The party's "Two Johns" TV advertising campaign, aimed at showing Key's duplicity, also misfired. The maths were all wrong. There wasn't even one John. He cancelled himself out - centre-right, a liberal conservative. What did he stand for? What did he truly think? The questions were an irrelevance.
For the past year, National have accused Labour of running out of ideas. Actually, a popular notion is that Labour had too many ideas all that social engineering, interfering here, imposing rules and prohibitions there. Key's absence of any discernible philosophy, his blank canvas, was a relief from Labour's incessant nation building. A rest was as good as a change.
His blameless existence, his pleasant torpor, helped take the heat out of the campaign.
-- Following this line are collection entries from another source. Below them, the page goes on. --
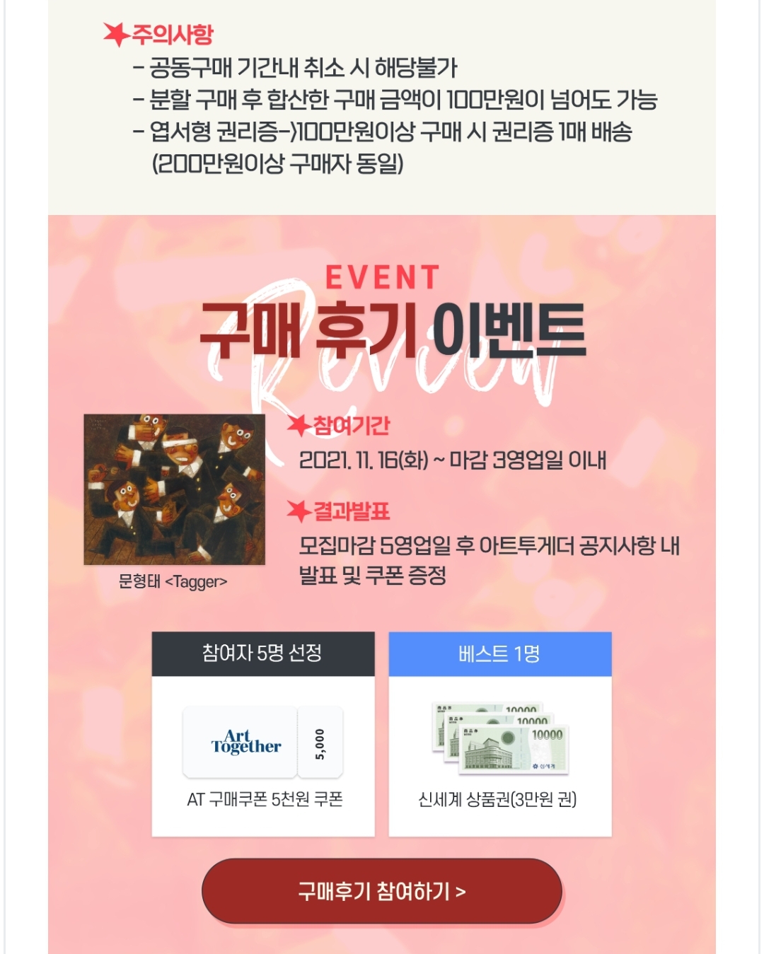 아트투게더에서는 1) 100조각 이상 구매시 엽서형 권리증 증정 이벤트와 2) 구매 후기 이벤트를 진행하고 있습니다.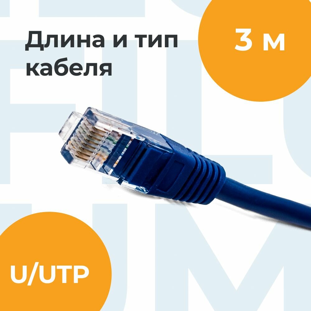 Патч-корд U/UTP 5e кат. 3м Filum FL-U5-3M-BL, кабель для интернета, 26AWG(7x0.16 мм), омедненный алюминий (CCA), PVC, синий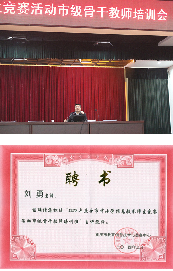 为了提高我市广大教师参加全国信息技术类竞赛水平,重庆市教育信息技术与装备管理中心举行了2014年度全市中小学信息技术竞赛活动市级骨干教师培训班。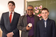 Тренеру Прокаше продемонстрировали среду обучения в нашей Школе Превосходства. Он посмотрел наши говорящие стены - выставочную экспозицию, посвящённую 70-летней годовщине Великой Победы (организована учителем истории Юсуповой Р.Р.), наш музей (руководителем музея также является учитель истории Юсупова Р.Р.), кабинет по 3D моделированию (руководитель Ахметшина Э.Ф.). Ученик 11Б класса Хасаншин Дамир сконструировал на 3D принтере памятный сувенир о нашем лицее, который Прокаш с удовольствием принял. Ученик 6Б класса Райманов Айрат показал собранный им лега-робот в действии. Мы с гордостью продемонстрировали мистеру Прокашу выставку с кубками и медалями наших спортсменов.

On the TV debate on Wednesday night, he laughed how a schoolkid had once said to him, "I know who you are. You're Helen Clark's boyfriend." Key said, "That's one thing I'm not!" But it was hard to tell. At the least, National's borrowing of Labour policy suggested a crush.
Divisions were old hat - they belonged to the 2005 election, Clark versus Brash, with a chaotic background starring Nicky Hager, Bob Clarkson, the Exclusive Brethren, and private detectives allegedly rooting around in rubbish bins. This time around, not even Winston Peters was able to cause a ruckus. His TV commercials made you wonder whether he had been filmed on the whispering lawns of a retirement home; the poor devil looked like a garden gnome.
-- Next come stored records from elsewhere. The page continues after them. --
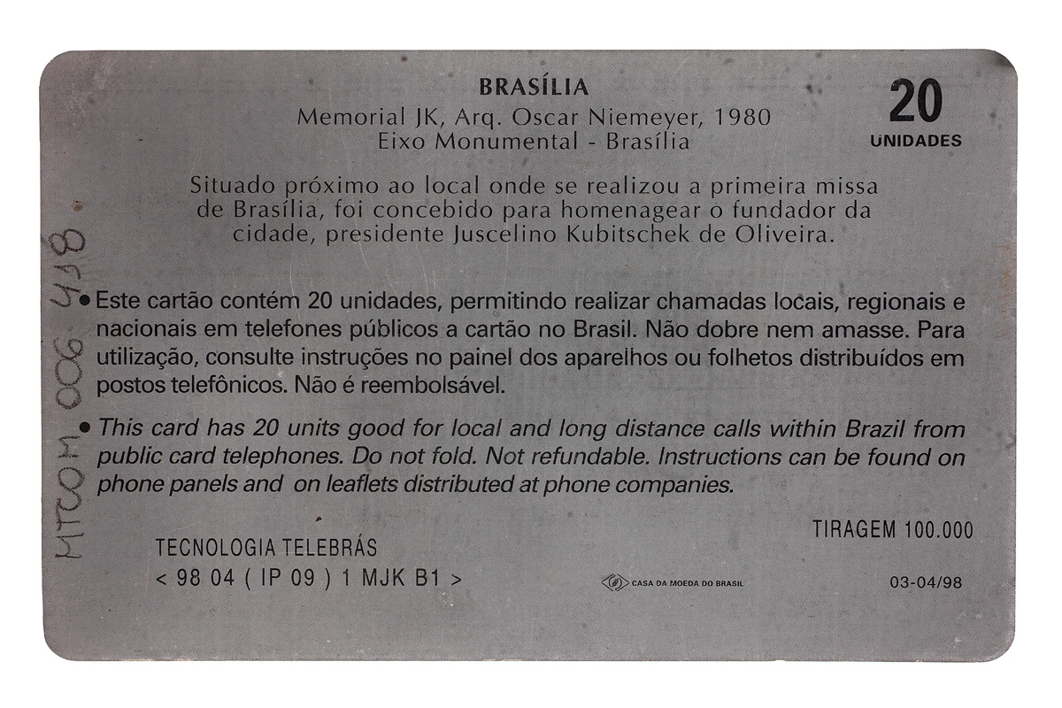 Os primeiros cartões telefônicos no país foram emitidos em 1992, por ocasião da Eco-92, substituindo as fichas telefônicas. O cartão telefônico brasileiro é do tipo indutivo. A tecnologia foi desenvolvida no Brasil, com os primeiros testes sendo realizados pelo Centro de Pesquisa e Desenvolvimento da Telebrás – CPqD. Os cartões telefônicos tinham como função realizar o pagamento de uma ligação em telefone público, também chamado de orelhão. No final da década de 1990, já existiam mais de 350 mil telefones públicos à cartão no Brasil, com uma distribuição mensal de aproximadamente 40 milhões de unidades. A grande variedade de estampas que traziam informações, cultura e arte, além do baixo custo e facilidade de obtenção, estimularam o colecionismo dos cartões telefônicos, que ficou conhecido como Telecartofilia. / Informações sobre os cartões telefônicos retiradas de https://pt.wikipedia.org/wiki/Cart%C3%A3o_telef%C3%B4nico, acessado em outubro de 2019, e da publicação da Telebrás “Cartões Telefônicos, cinco anos contando a nova história do Brasil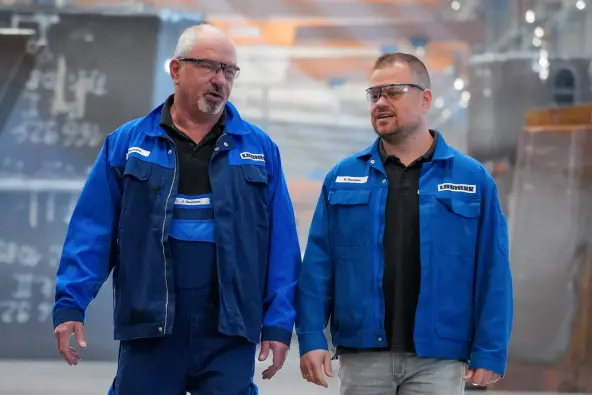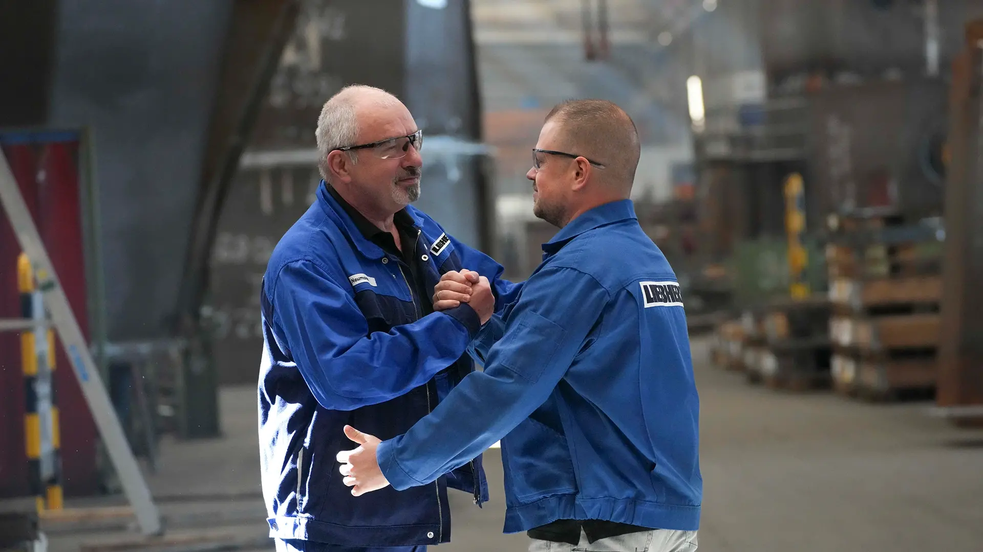 Jörg Neumann's professional career at Liebherr came to an end in October 2024, when he took his well-deserved retirement after 18 years. ‘What I will miss most is the team spirit and the many personal relationships that have grown here over the past few years. But I am sure that these will continue. Once you have yellow Liebherr blood in you, you will never let go of the company.’ One or two tears were shed on his last day. ‘We're both built close to the water anyway’, adds Maik. Just like the Liebherr maritime cranes on the quayside.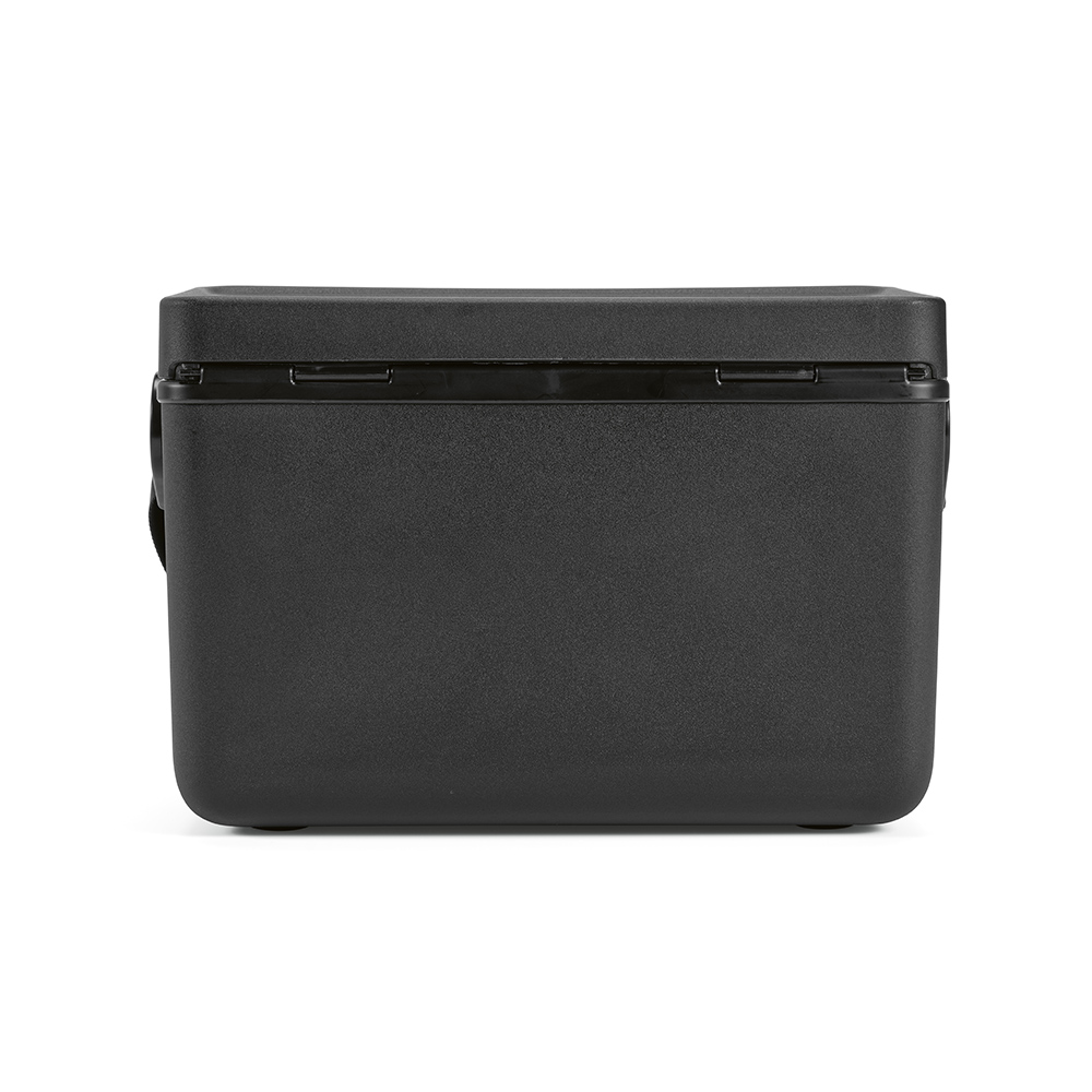 Geleira de plástico reciclado de 12L: durável, ecológica, com uma alça de transporte prática.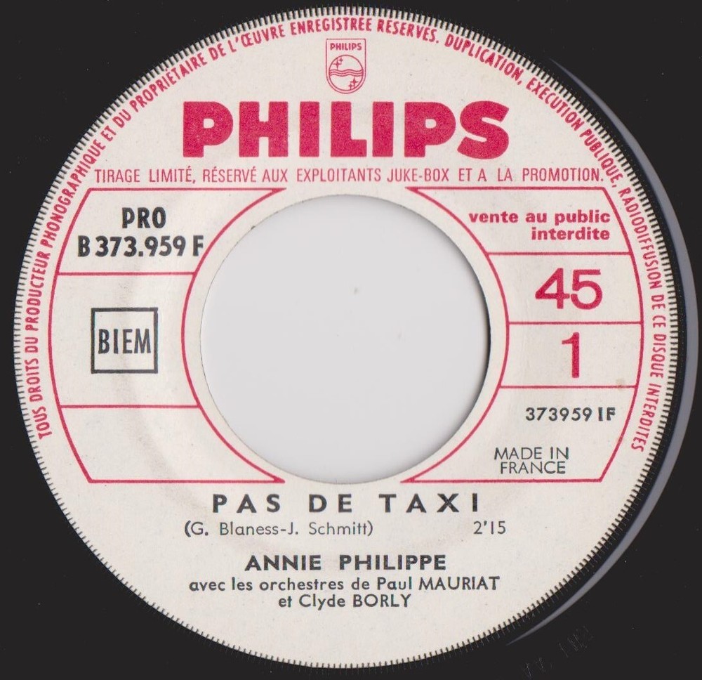 ANNIE PHILIPPE FRENCH 45 on PHILIPS cat n° PRO B 373.959 F PROMO - "pas de taxi" & "le mannequin" - RECORD IS VERY GOOD++

The campaign's quiet, restrained atmosphere suited Key. When he stopped in at South Auckland last week, supported by all the brown faces (MP Tau Henare, candidates Mita Harris and Sam Lotu-Iiga, missionaries Jones and Tuigamala) he could muster, he was more than content to make small talk. "What sort of music do you like?" he asked at the school in Mangere. Answer: Katchafire.
"OK. Have you heard Opshop? They're very commercial, but I like them... What do you do in the weekends?" Answer: shopping.
"Uh-huh. Ever go to the Otara markets?" Answer: nah, Sylvia Park.
Amiable, cheerful, patient, he sloped off to another classroom, where a teacher talked over an educational video about food hygiene and the importance of washing your hands. "Can you see the bacteria? That can kill you, or someone you're cooking for," she explained. Key smiled, and then approached a group of boys.
"Does anyone have a weekend job?" Answer: yep, at a supermarket.
"What do they pay you? Twelve bucks an hour? Fair enough. I used to be a paperboy. Didn't kill me. OK! See you later ..."
And so on, the usual excruciating campaign chit-chat, as more and more kids were subjected to pleasant interrogations by the nice man with untrimmed nose hair and an expensive, big-arse watch on his wrist. He was doing the hard yards, the mahi. All of it an audition for the country's top job. The real John Key - assuming he exists - now has to stand up. He said he was ambitious for New Zealand; New Zealand, broke and vulnerable, is ambitious for John Key. He has been granted the opportunity of a lifetime.